**Your goal**
Excluding any images, copy all of the lines below precisely as written.

**Information provided**
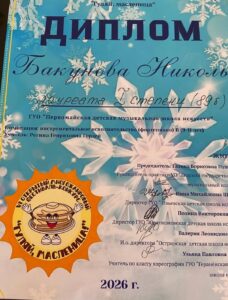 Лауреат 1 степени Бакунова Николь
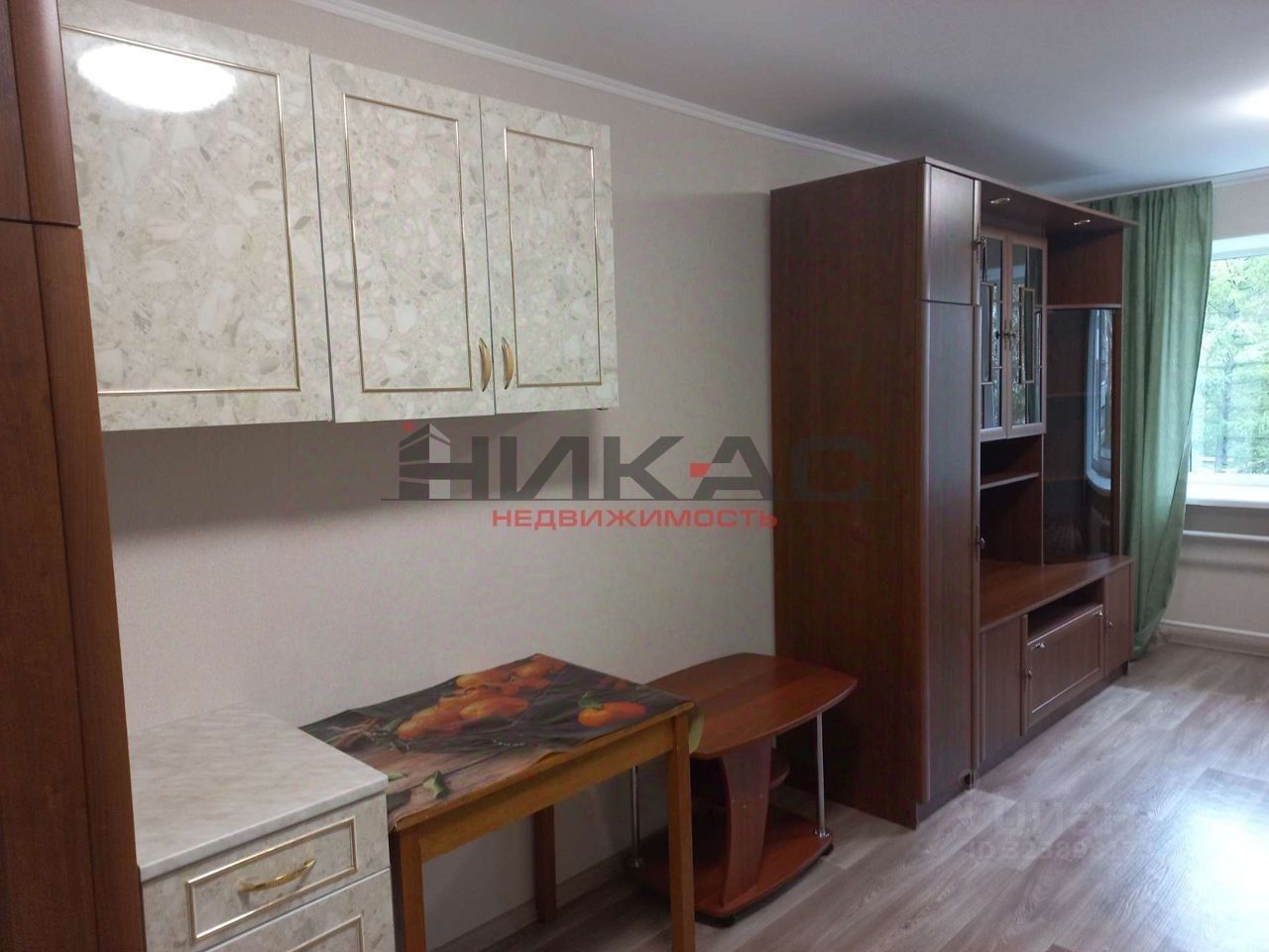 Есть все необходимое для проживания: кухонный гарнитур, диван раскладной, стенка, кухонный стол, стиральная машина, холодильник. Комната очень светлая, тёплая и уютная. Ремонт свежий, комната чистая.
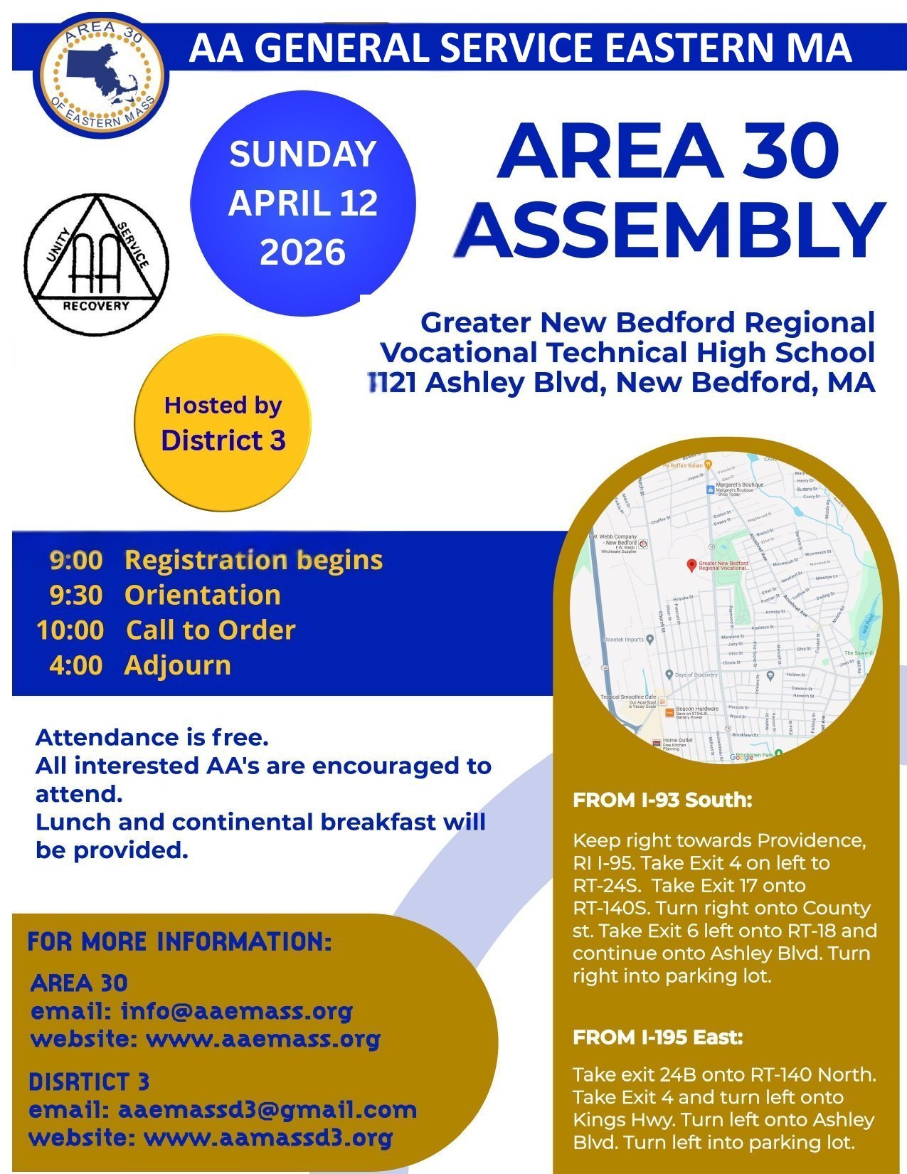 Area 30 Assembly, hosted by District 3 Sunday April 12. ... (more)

**Solution for this task**
 Лауреат 1 степени Бакунова Николь
 Есть все необходимое для проживания: кухонный гарнитур, диван раскладной, стенка, кухонный стол, стиральная машина, холодильник. Комната очень светлая, тёплая и уютная. Ремонт свежий, комната чистая.
 Area 30 Assembly, hosted by District 3 Sunday April 12. ... (more)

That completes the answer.